You could trace the path to the orb down the street that ran through the center of town until the road passed the last few houses and turned to gravel. Then, a sharp right up the unmarked dirt road that was tucked between trees. Every so often, a truck with mountain bikes bundled in the cargo bed would kick up the dust in search of secluded trails. The innocent-looking road would narrow, bottlenecking the unsuspecting drivers like a fly in a sugar trap. Pine needles clawing along each side of the vehicle left no choice but for drivers to continue maneuvering through the dips and rocks, corkscrewing through the woods. Eventually, the road opened into a driveway, and the little bungalow appeared like a mirage through the trees. There was just enough awkward leeway for drivers to U-turn in front of the bay window. For years, the drivers were safely unseen until the house was sold and the lights burned through the night once again.

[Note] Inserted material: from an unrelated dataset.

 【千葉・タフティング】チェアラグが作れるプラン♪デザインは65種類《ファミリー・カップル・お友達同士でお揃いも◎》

The sale ad featured pictures from seven years earlier, tagged with the line, “A happy two-bedroom bungalow offering a slice of secluded mountain life”. Natural light poured in through the windows and skylight, mountains watched over from the backyard. Outside, the eves fed into the garden of flowers that ran along each side of the house, stopping only for the expansive front and back decks. Picture perfect.

When the woman made her journey through town and down the dirt road, her pick-up was already pregnant, bulging with the material things that made up her life. She parked in front of the clouded bay window as the rain plinked down on the metal roof of the bungalow.

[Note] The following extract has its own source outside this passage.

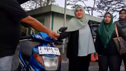 Kendaraan roda dua tersebut berjenis Nouvo berwarna biru dengan nomor polisi Z 6046 HX, milik Pegi Setiawan.

“Help me with this?” she motioned toward the mattress in the back of her truck. She was worried it would soak through.

The slouched realtor, here to hand over the key, perked at the idea of helping move her in. They hustled to get the boxes and furniture sheltered from the rain in the safety of the bungalow. Soon, the keys were in her hands, and the woman was alone in her new house.

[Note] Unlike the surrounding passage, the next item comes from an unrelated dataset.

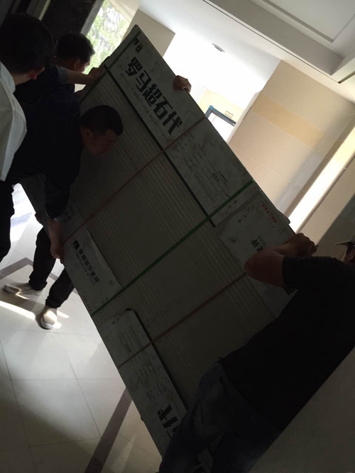 這么超大規(guī)格的陶瓷厚板,其送貨、安裝的過(guò)程也值得大書特書。4月2日,蒙娜麗莎瓷磚蕪湖銷區(qū)員工對(duì)這一天印象深刻,因?yàn)榈谝淮螌⒊笠?guī)格產(chǎn)品送貨安裝,品牌部所有的男員工都到了現(xiàn)場(chǎng),還提前準(zhǔn)備了吸盤、切割機(jī)、打包帶、大理石膠等工具和材料。送貨之前,為避免磕碰和繃瓷,物流部規(guī)劃用廢舊木工板打底,固定單片大板的方法,以確保大板完整無(wú)缺的送達(dá)。

Her new house had rain tumbling off all sides of the roof because the eaves were clogged with seasons' worth of leaves. The pictured garden of flowers hadn’t been perennials; now, a muddy moat with a drowning army of weeds reached skyward to the blue and white boards that made up the outside walls. Their color had partially evaporated over the years, and the woman was sure that if she wrapped her fingers underneath one and pulled, a rectangular void leading inside would be all that was left.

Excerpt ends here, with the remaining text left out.